-------- Entries supplied

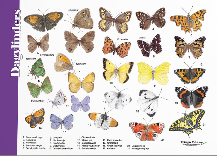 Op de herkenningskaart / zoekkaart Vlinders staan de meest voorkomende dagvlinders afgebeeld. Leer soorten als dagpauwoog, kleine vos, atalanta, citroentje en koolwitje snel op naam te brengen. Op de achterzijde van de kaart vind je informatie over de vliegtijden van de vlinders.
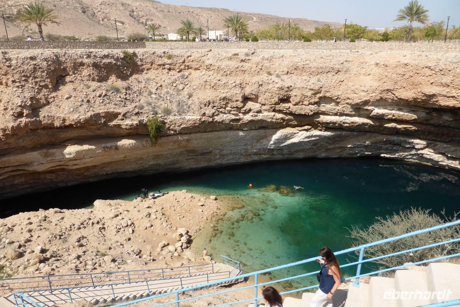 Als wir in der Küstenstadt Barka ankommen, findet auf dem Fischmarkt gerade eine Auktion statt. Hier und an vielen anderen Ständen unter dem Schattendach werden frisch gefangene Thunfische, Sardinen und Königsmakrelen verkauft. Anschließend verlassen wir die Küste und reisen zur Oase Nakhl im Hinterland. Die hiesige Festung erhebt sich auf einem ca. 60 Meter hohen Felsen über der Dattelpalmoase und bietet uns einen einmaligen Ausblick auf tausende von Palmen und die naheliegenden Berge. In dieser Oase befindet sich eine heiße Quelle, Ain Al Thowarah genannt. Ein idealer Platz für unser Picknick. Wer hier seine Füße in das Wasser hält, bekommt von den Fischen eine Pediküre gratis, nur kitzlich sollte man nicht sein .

----------------
-------- Entries supplied

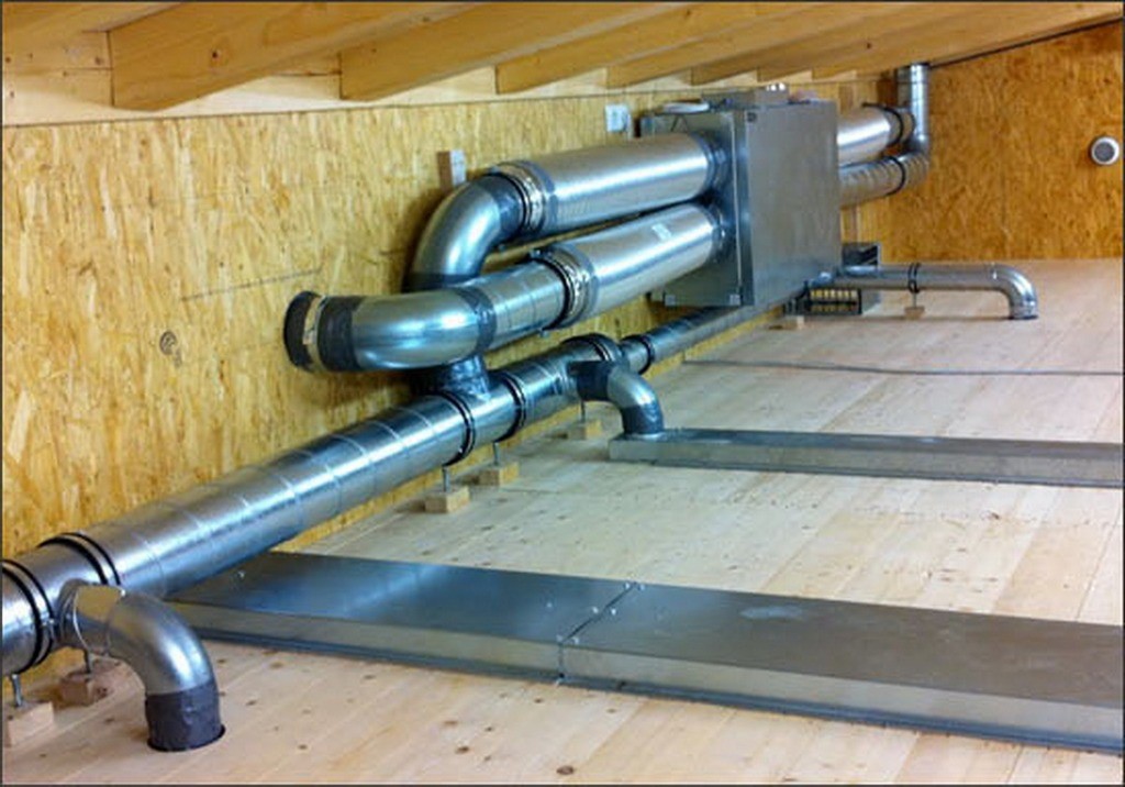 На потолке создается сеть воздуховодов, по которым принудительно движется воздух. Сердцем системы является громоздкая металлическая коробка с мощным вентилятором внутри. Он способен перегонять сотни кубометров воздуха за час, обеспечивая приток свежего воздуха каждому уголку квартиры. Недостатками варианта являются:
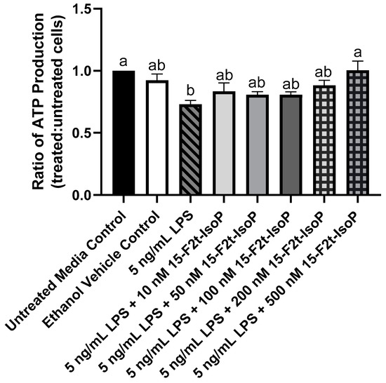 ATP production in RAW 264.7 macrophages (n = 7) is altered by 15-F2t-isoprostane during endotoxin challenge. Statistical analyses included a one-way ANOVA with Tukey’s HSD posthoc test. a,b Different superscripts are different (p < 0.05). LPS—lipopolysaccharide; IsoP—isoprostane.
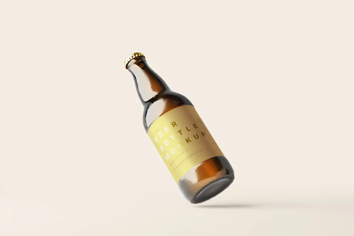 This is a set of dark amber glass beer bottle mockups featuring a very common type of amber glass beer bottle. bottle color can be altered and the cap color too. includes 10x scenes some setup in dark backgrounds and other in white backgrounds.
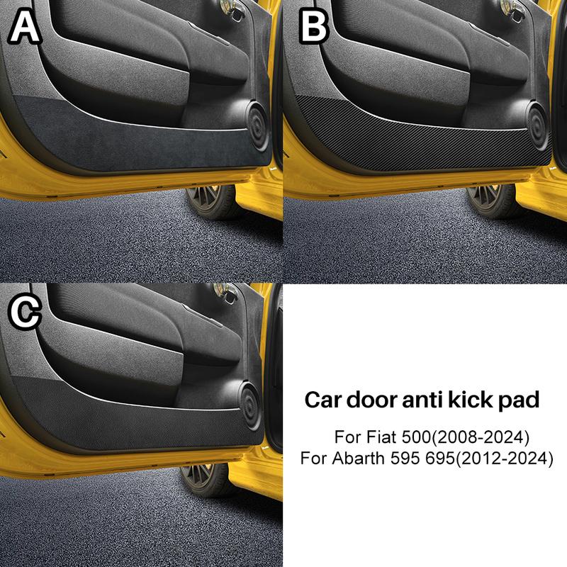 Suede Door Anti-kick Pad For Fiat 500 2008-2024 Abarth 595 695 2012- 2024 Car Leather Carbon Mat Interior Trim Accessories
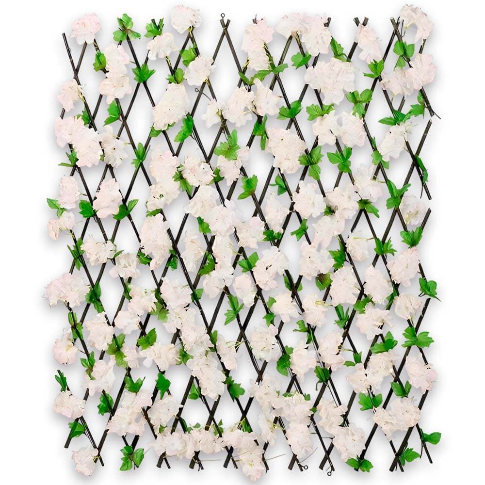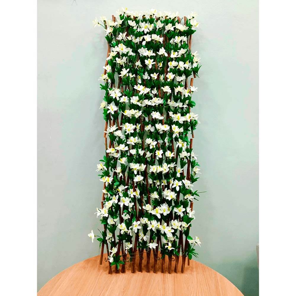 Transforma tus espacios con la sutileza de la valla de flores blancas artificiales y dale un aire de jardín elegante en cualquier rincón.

----------------
-------- Entries supplied

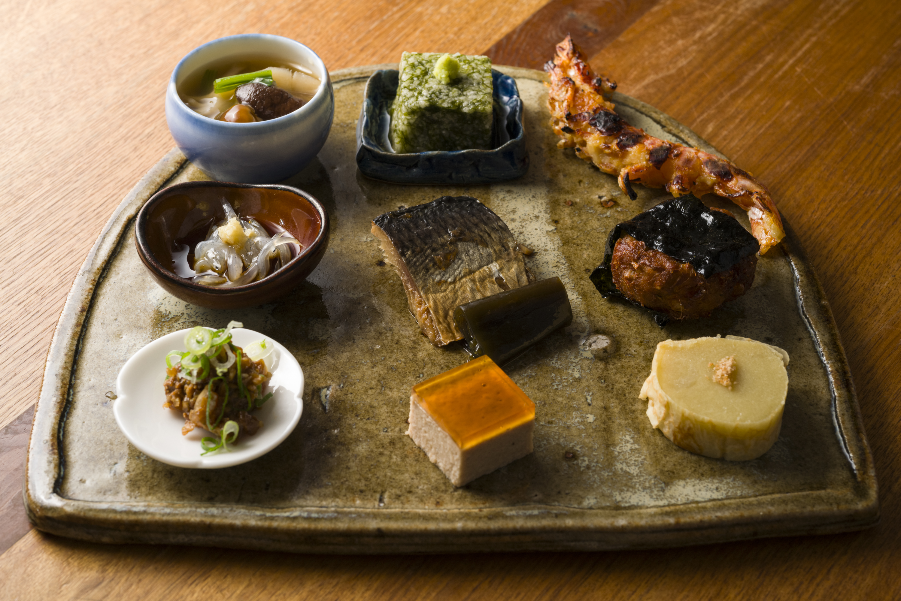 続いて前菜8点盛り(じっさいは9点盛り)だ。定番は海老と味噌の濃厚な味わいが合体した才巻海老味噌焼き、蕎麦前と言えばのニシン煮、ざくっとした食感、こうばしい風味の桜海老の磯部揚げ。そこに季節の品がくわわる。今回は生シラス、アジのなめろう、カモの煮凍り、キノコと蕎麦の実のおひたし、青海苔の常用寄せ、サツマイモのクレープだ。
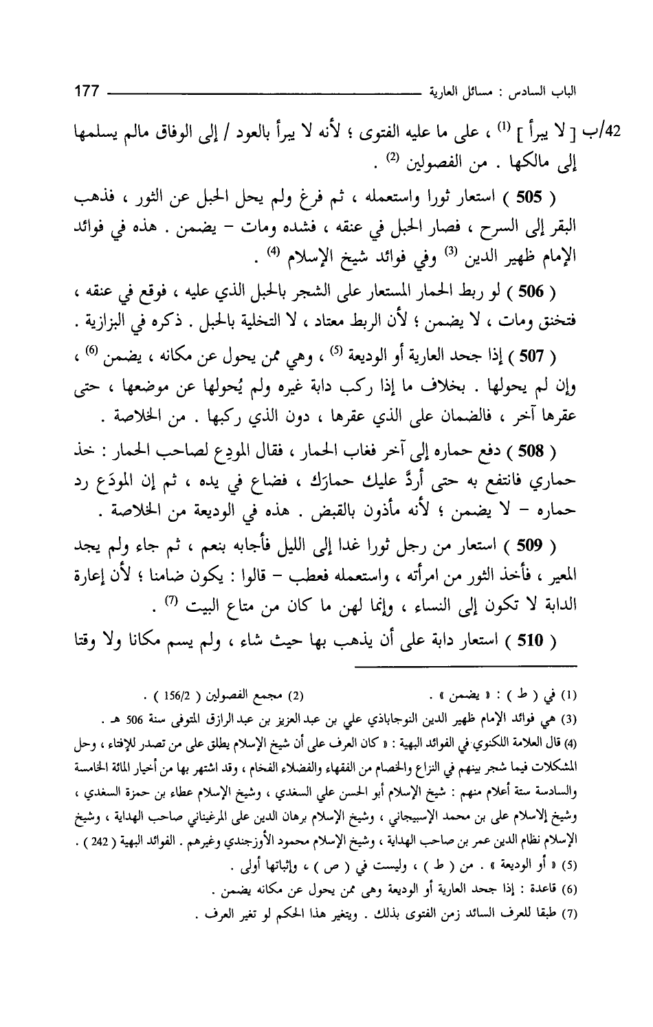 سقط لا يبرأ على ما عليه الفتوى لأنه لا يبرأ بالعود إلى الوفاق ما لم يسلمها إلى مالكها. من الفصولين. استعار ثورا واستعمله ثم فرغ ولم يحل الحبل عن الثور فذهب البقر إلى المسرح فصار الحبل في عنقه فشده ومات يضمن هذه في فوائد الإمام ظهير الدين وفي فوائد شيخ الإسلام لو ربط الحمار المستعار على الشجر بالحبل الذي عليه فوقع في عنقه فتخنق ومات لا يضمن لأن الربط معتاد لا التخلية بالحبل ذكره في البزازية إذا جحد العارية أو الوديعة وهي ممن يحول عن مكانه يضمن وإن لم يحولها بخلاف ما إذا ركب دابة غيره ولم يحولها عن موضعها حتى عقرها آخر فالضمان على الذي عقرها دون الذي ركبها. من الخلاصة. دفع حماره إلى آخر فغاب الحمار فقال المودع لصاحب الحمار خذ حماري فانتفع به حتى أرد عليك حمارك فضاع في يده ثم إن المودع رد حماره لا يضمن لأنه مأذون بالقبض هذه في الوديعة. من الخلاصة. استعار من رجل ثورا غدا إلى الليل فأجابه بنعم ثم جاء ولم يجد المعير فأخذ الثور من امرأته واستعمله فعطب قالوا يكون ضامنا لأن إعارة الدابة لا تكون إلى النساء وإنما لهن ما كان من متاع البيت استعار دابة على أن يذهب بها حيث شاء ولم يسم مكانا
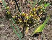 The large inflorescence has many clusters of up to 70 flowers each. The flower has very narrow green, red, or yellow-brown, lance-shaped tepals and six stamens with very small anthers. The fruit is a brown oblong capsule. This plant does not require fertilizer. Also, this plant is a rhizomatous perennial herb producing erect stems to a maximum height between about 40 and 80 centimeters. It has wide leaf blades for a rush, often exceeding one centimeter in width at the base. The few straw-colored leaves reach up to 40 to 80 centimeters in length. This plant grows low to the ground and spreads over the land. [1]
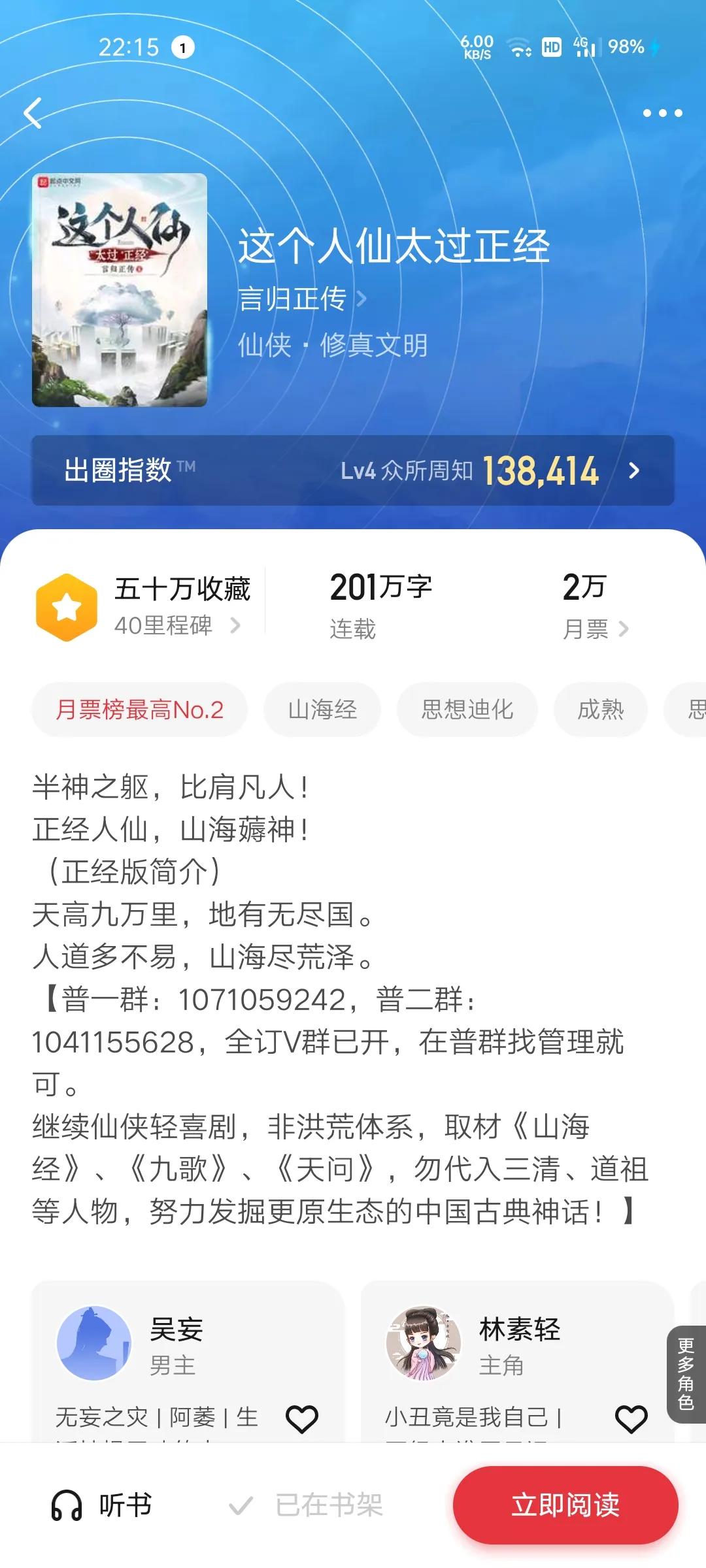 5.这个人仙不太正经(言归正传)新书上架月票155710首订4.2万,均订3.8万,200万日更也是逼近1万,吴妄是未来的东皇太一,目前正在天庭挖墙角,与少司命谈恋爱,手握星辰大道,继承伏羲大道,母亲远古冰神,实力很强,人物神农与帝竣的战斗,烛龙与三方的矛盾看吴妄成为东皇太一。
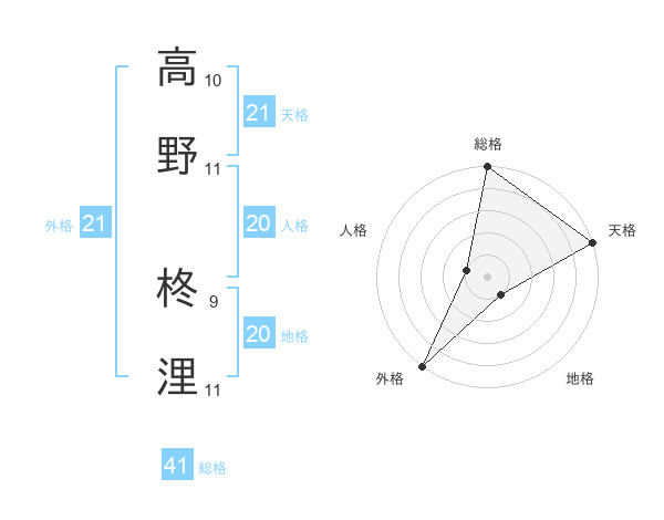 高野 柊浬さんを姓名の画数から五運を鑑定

----------------

Your task: Reproduce the data above exactly, but only from the line containing "Op de herkenningskaart" through the line containing "Als wir in der"; skip the pictures.

Written reply:
 Op de herkenningskaart / zoekkaart Vlinders staan de meest voorkomende dagvlinders afgebeeld. Leer soorten als dagpauwoog, kleine vos, atalanta, citroentje en koolwitje snel op naam te brengen. Op de achterzijde van de kaart vind je informatie over de vliegtijden van de vlinders.
 Als wir in der Küstenstadt Barka ankommen, findet auf dem Fischmarkt gerade eine Auktion statt. Hier und an vielen anderen Ständen unter dem Schattendach werden frisch gefangene Thunfische, Sardinen und Königsmakrelen verkauft. Anschließend verlassen wir die Küste und reisen zur Oase Nakhl im Hinterland. Die hiesige Festung erhebt sich auf einem ca. 60 Meter hohen Felsen über der Dattelpalmoase und bietet uns einen einmaligen Ausblick auf tausende von Palmen und die naheliegenden Berge. In dieser Oase befindet sich eine heiße Quelle, Ain Al Thowarah genannt. Ein idealer Platz für unser Picknick. Wer hier seine Füße in das Wasser hält, bekommt von den Fischen eine Pediküre gratis, nur kitzlich sollte man nicht sein .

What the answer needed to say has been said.